The words fear, love, power, and control all occur in the opening song, and these forces dominate the story. Power carries risk; risk leads to fear; and the response to fear is to try to exercise more control. After Anna’s accident, Elsa focuses all her energy into maintaining control over her power. Because the manifestations have emotional triggers, this involves severe emotional suppression. Her efforts leave her mentally exhausted and socially isolated. Worst of all, Anna, formerly her closest companion, has had her memory wiped of the knowledge of Elsa’s power, leaving her confused and hurt by her sister’s rejection. So a construct designed to keep Anna from being hurt just ends up hurting her in a different way.
Eventually things come to a head, as they are wont to do in Disney movies and in life. After Elsa loses control again and unwittingly freezes the entire kingdom, she flees to a mountain where she thinks she can do no further damage. But Anna follows, refusing to be kept at bay any longer. Cornered and pressured, Elsa struggles to maintain control; but in trying to stifle her emotion, she only warps it, and it breaks out in unwanted and terrifying manifestations. The more she panics, the worse things get.
Watching Elsa’s frantic and futile efforts, I thought, This is exactly like living by the law. Legalism is all about damage control. It can never produce any active good, despite what those who live by it think. It seeks to quell sin, but it only produces rebellion.
Control proves a failure, and Anna is hurt again, this time apparently fatally. Only then does Elsa learn that the true protection, the only force capable of managing her potentially deadly power, is not control at all, but love.
This changes everything. Anna is healed, the kingdom is restored, and Elsa’s entire existence blossoms into a thing of glorious possibility. Transformations abound: death into life, conformity into freedom, fear into love.
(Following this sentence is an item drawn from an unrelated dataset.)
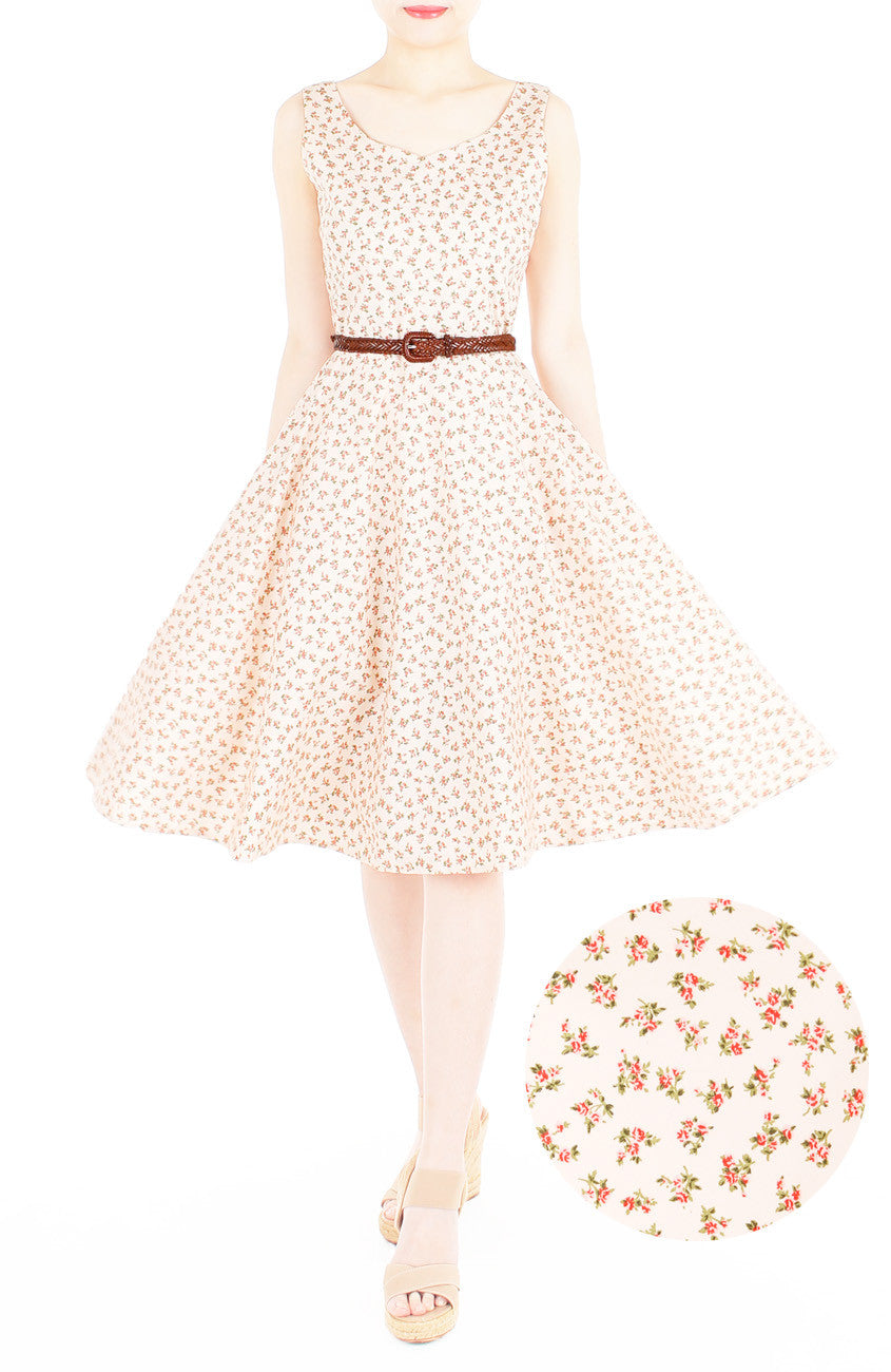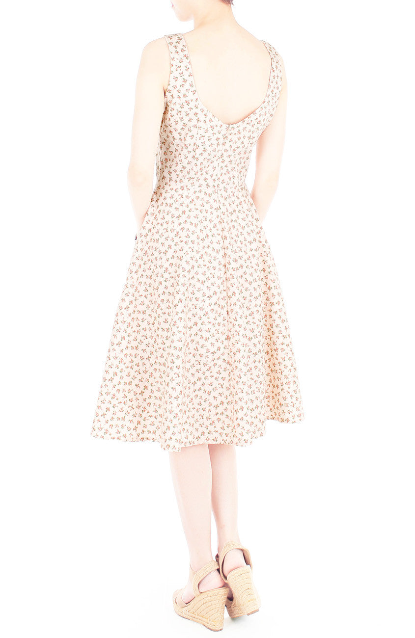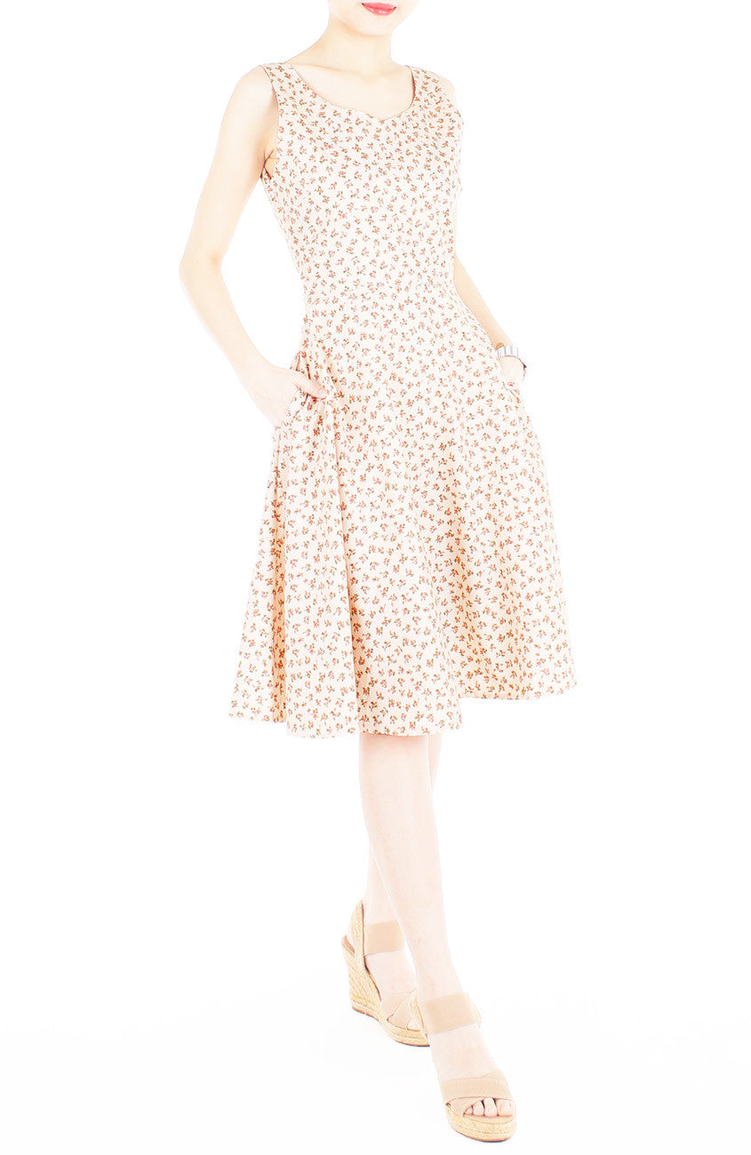 Make memories you’ll indulge later by appreciating the little maroon red florals on this light peach-coloured dress! A fresh pick from our label, this cotton darling ensures adoration in real time, thanks to its V-neckline and flare skirt with hidden side pockets! Brilliant! Details include: Double layered front, skirt lining and hidden back zip. Made from cotton.

Elsa is able to not only be near people again, but to relax, to laugh, to play.
“There is no fear in love; but perfect love casteth out fear: because fear hath torment. He that feareth is not made perfect in love” (1 John 4:18).
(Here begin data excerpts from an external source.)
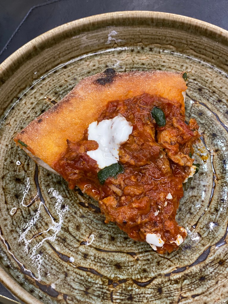 Dorata e precisa la Mia Montanara. Frittura e asciugatura al forno impeccabili. La superficie di bellezza disarmante con ragù di datterino liternese, stracotto di suino nero casertano, crema di latte di bufala e riduzione di basilico. La mia prefe per tecnica e piacioneria.
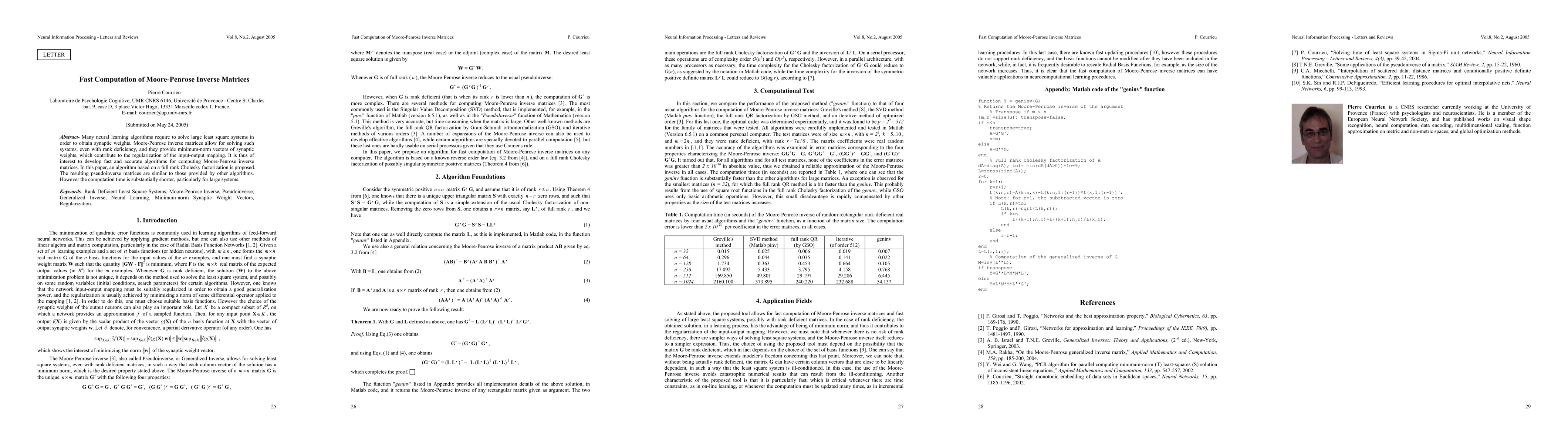 This research is important because it provides a fast and accurate algorithm for computing Moore-Penrose inverse matrices, which can be used in neural learning algorithms.
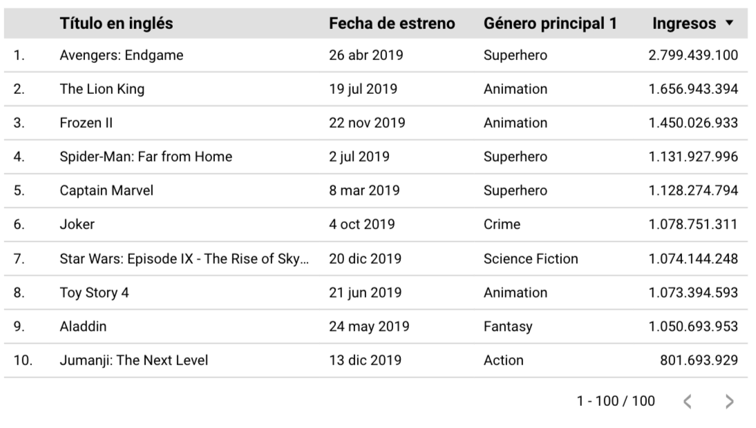 Puedes usar tablas cuando quieras mostrar varias métricas y categorías al mismo tiempo. Por ejemplo, volviendo al dataset de top películas 2019, son una buena opción para ver el nombre de las top 10 películas junto a los ingresos, la fecha de estreno y su género principal. Las tablas son menos visuales, pero permiten mostrar más datos a la vez que muchos otros gráficos. Con otros la información puede terminar muy apretujada y ser muy difícil de leer.

I don’t mean to be flippant by quoting the apostle John in connection with a Disney movie. To be clear, John is speaking of the very reasonable fear of a just judgment–a guilty fear, not the fear of ordinary pain or loss. And the perfect love that’s capable of casting out that fear is the love of God demonstrated in Christ’s propitiation. This is wonderful news for the world, and my friend Jim gives an excellent treatment of the subject here.
But I think I do not go too far in saying that fear, when brooded over too long by an overstimulated mind, is the enemy of love. It cripples relationships, poisons joy, steals hope, and confuses emotion to the point where you honestly don’t know what you feel.
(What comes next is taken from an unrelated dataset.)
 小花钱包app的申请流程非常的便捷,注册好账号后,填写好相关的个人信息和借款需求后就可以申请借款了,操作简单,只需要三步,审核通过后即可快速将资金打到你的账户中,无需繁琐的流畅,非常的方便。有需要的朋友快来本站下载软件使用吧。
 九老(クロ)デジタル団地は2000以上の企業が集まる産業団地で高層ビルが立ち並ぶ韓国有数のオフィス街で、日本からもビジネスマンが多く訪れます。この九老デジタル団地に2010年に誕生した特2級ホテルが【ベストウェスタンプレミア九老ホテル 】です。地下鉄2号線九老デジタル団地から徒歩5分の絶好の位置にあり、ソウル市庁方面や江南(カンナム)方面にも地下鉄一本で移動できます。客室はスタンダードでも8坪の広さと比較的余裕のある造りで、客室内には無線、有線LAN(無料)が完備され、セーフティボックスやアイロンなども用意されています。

So what is the solution? Some sort of let-love-have-its-way scenario? Bursting into song and dance on a mountaintop like a Disney princess? Maybe it’s just recognizing that the supreme level of control sought by those of “freak” status is just an illusion anyway. Terrible things will happen, despite your best efforts to secure yourself against all shock and alarm. You will be blindsided–if not by the thing you’re guarding against, then by something else. That’s what “blindsided” means: you don’t see it coming. And the energy you’re spending on maintaining a defensive system would be better spent on loving the people around you before they’re taken, which they most certainly will be at some point unless you’re taken from them first. Yes, it’s risky. But it’s worth it. They’re worth it. They’re worth the fear and discomfort and uncertainty and vulnerability–wonderfully worth all this and more.